Emniyet Müdürü’nün bu sözlerine kim itiraz edebilir? Doğru bir şey söylüyor ama söylediği doğru, yaşanan gerçek ile örtüşmüyor. Tartıştığımız sorun, polisin zor kullanması değil, bu zor kullanmayı nasıl algıladığı ve uyguladığı ile ilgili. Polisin zor kullanma yetkisi, yasal sınırların aşıldığı bir gösteride, göstericileri bu sınırın içine geri çekmek ile sınırlıdır.
Bu elbette bazı durumlarda göstericilerden bazılarının gözaltına alınmasını da gerektirebilir.
Zor kullanarak bazı göstericileri topluluğun içinden ayırmayı da gerektirebilir.
Ama İstanbul’da o sınır aşılmış bulunuyor. Yere düşmüş, artık yapacak hiçbir şeyi kalmamış bir göstericiyi yerde tekme tokat, copla dövmek nasıl bir “yasal yetki” olabilir?
Bunun adına ben işkence diyorum, isterseniz siz daha hafif bir suç olsun diye “kötü muamele” de diyebilirsiniz.
Gözlerine biber gazı sıkılmış göstericileri, topluca bir otobüse doldurup, tıbbi yardımdan mahrum bir şekilde saatlerce karakol önünde bekletmek nasıl bir yasal yetki olabilir?
Savaşta bile yaralanan düşmana tıbbi yardım sağlamak insanlık görevidir. Ben buna da işkence diyorum, isterseniz siz yine hafifletmek için “kötü muamele” diyebilirsiniz.
İstanbul Emniyet Müdürü, tecrübeli bir polis yöneticisi! Ama öyle görünüyor ki o da bizim kamu yöneticilerimizin düştüğü en büyük hatadan kendisini kurtaramıyor: İşini doğru ve yasal sınırlar içinde kalarak yapamayan personeline sahip çıkıyor!
Siren ve tepe lambalı kamu araçları
CUMARTESİ günü resmi plakalı bir aracın emniyet şeridini de ihlal ederek, siren ve tepe lambasıyla vatandaşları taciz ettiğinden yakınmıştım.
İstanbul Trafik Denetleme Şube Müdürlüğü bu aracı buldu, araçtaki siren ve lambayı söktürerek, gerekli cezayı da sürücüsüne kesti. İlgilerine teşekkür ederim.

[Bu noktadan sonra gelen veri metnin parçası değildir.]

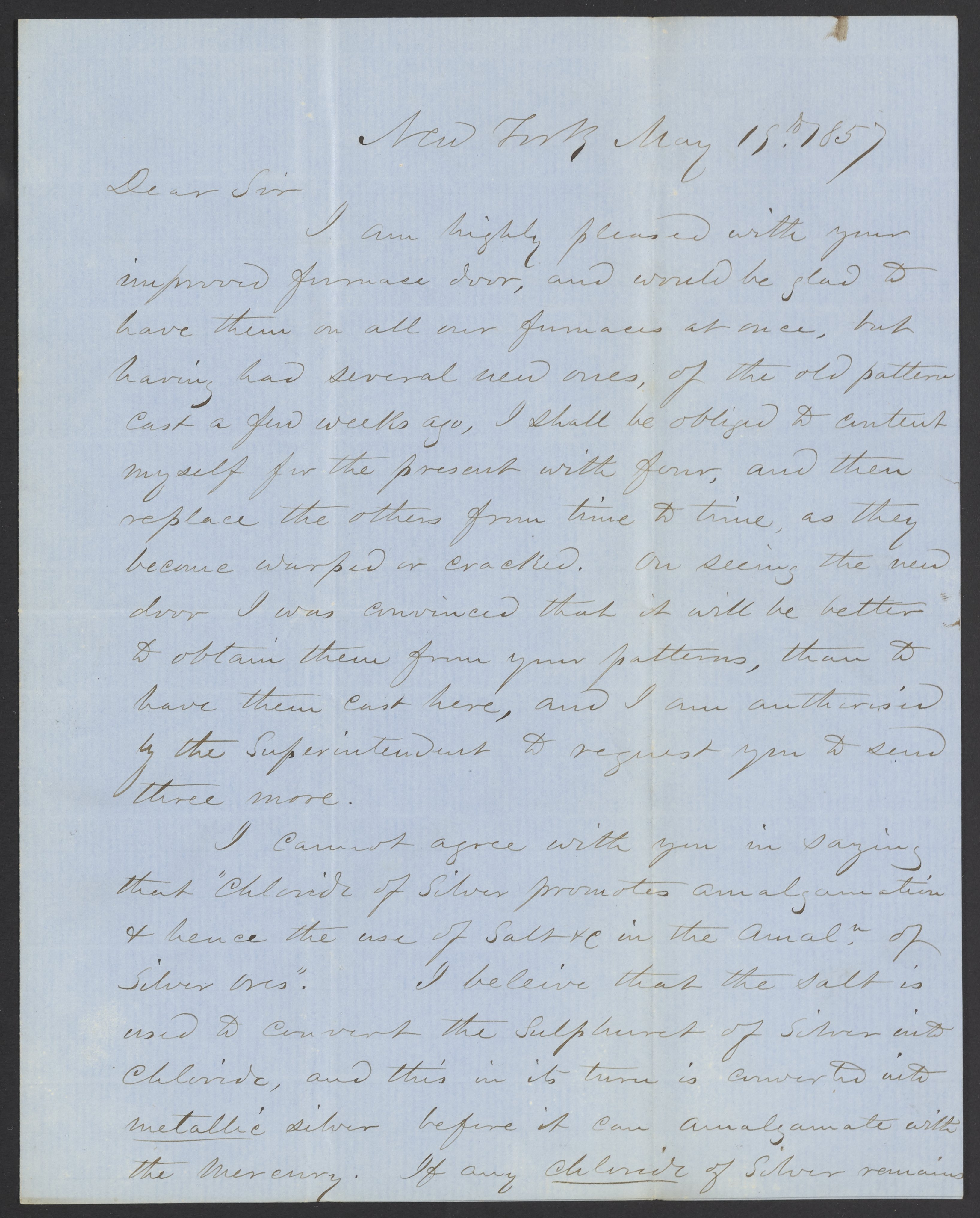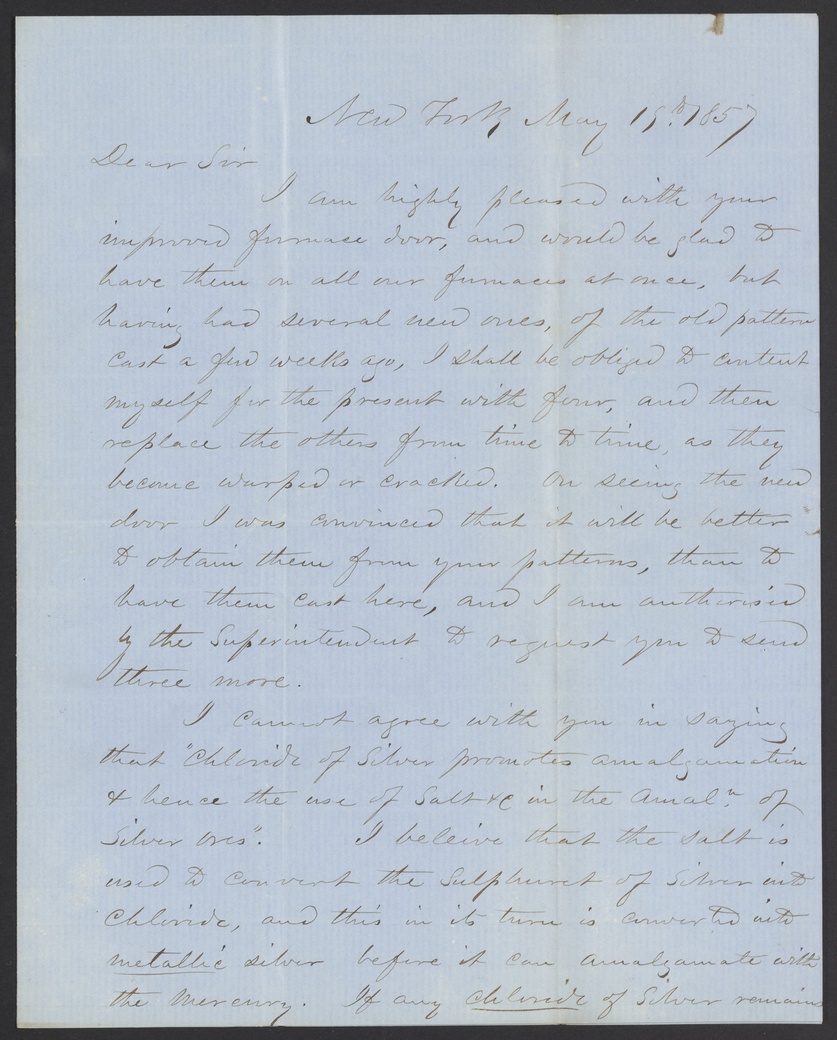 Letter from Edward N. Kent to James Curtis Booth, May 15, 1857

Bu vesileyle bu sorunu bir kez daha hatırlatayım.
İstanbul’da trafik zaten içinden çıkılmaz bir sorun ve kendini halktan daha üstün gören bazı kamu görevlilerinin araçları, yetkileri olmadığı halde emniyet şeritlerini ihlal ediyorlar, yasalara aykırı olarak siren ve tepe lambası kullanarak vatandaşı taciz ediyorlar.
Elbette İstanbul gibi bir kentte sınırlı sayıda trafik polisinin bunlarla tam anlamıyla mücadele edebilmesi zor! Çünkü aynı suçu işleyen sivil araçlar da var, polis hangi birini takip etsin?

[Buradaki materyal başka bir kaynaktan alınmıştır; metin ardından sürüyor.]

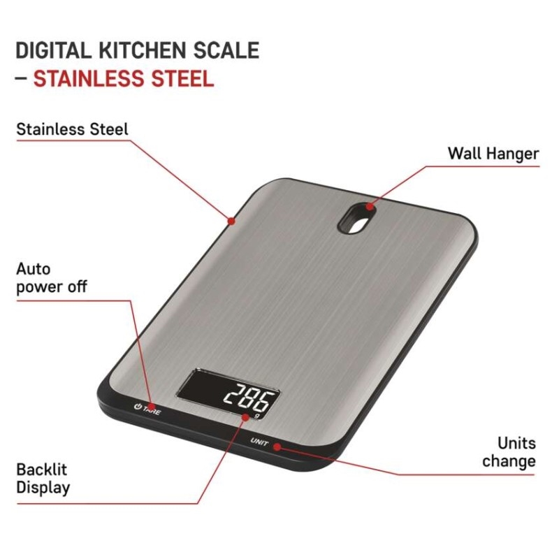 Maximální zátěž až 10 kg, podsvícený displej, dotyková tlačítka s rychlou odezvou, otvor pro zavěšení, nerezový povrch.
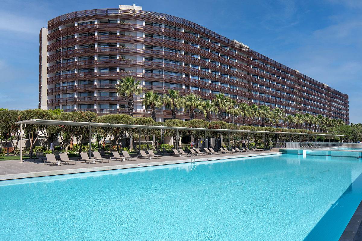 Пляжный отель в средиземноморском стиле уверенно занял 110 тысяч квадратных метров на первой линии, да еще и в черте города. Отпуск здесь — отличный выбор для тех, кто хочет не только с комфортом отдыхать у воды, но и собирается совершать вылазки в город.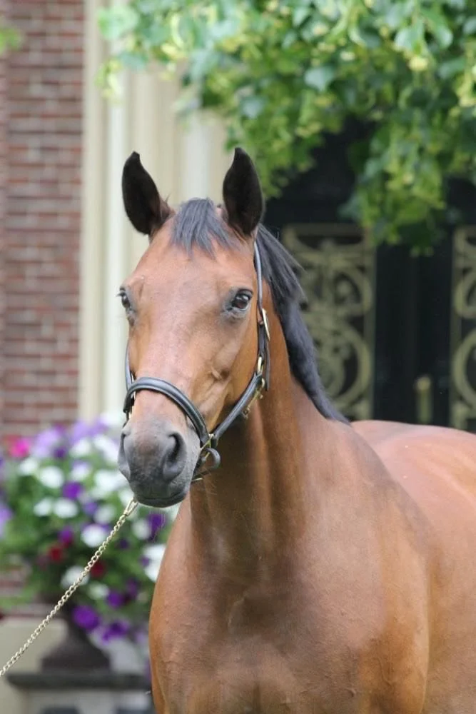Imposante de Muze, a daughter of the Dutch Champion VDL Groep Eureka van 't Roosakker and thus aunt of the top stallions Mumbai v/d Moerhoeve and Opium v/d Moerhoeve. Dam Imposante also produced the BWP stallion Toronto M and is a sister of the 1.60m Jeleena de Muze, among others.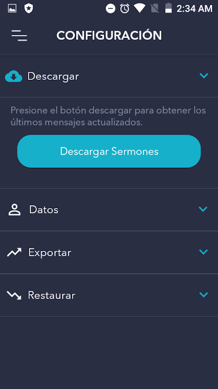 Configuration: Dove includes the configuration section to download the latest messages, data entry for sending your backup to your email, option to export and restore your notes.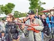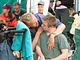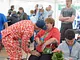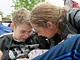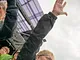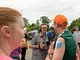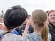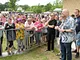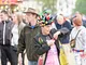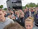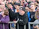 Vagtskiftet ved Marselisborg Slot skærtorsdag kl. 12 tiltrak mange fremmødte, mens politiets indsatsleder undervejs tog sig tid til at besvare spørgsmål fra en nysgerrig dreng.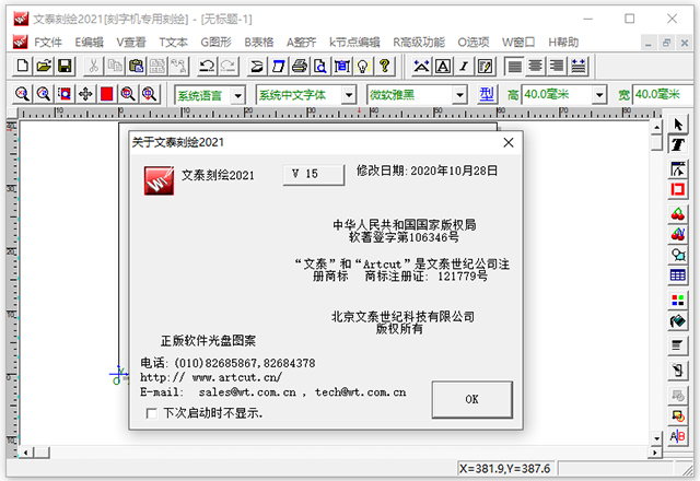 2、弹出文泰刻绘设计界面(这里以 2016 版为例来说明)。
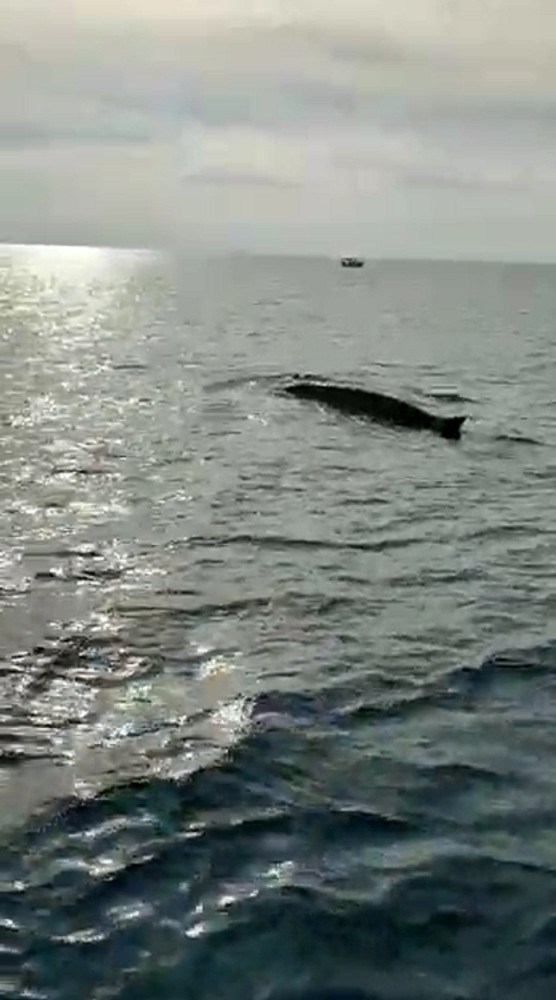 Hatay'ın Arsuz ilçesi açıklarında 2 uzun balina amatör balıkçılar tarafından görüntülendi.

Kamu araçlarıyla ilgili sorumluluk, hiç kuşkusuz öncelikle bu araçların bağlı bulunduğu kurumların yöneticilerine ve o araçları kullanan kamu görevlilerine düşüyor.
Onlardan habersiz olarak bu araçlara siren ve tepe lambası takmak kimin haddine? İçinde bir amir bulunurken bunları kullanmaya cesaret etmek de öyle!
O araçların sürücülerine, kamu görevlilerinin birinci işlerinin vatandaşın hayatını kolaylaştırmak olduğunu hatırlatmak, vatandaşı böyle taciz etmenin en azından “ayıp” olduğunu öğretmek öncelikle onların işi.
Böyle araçlara rastladığınızda plakalarını alarak 154 numaralı trafik hattına bildiriniz ki polisin de işini kolaylaştırmış olalım.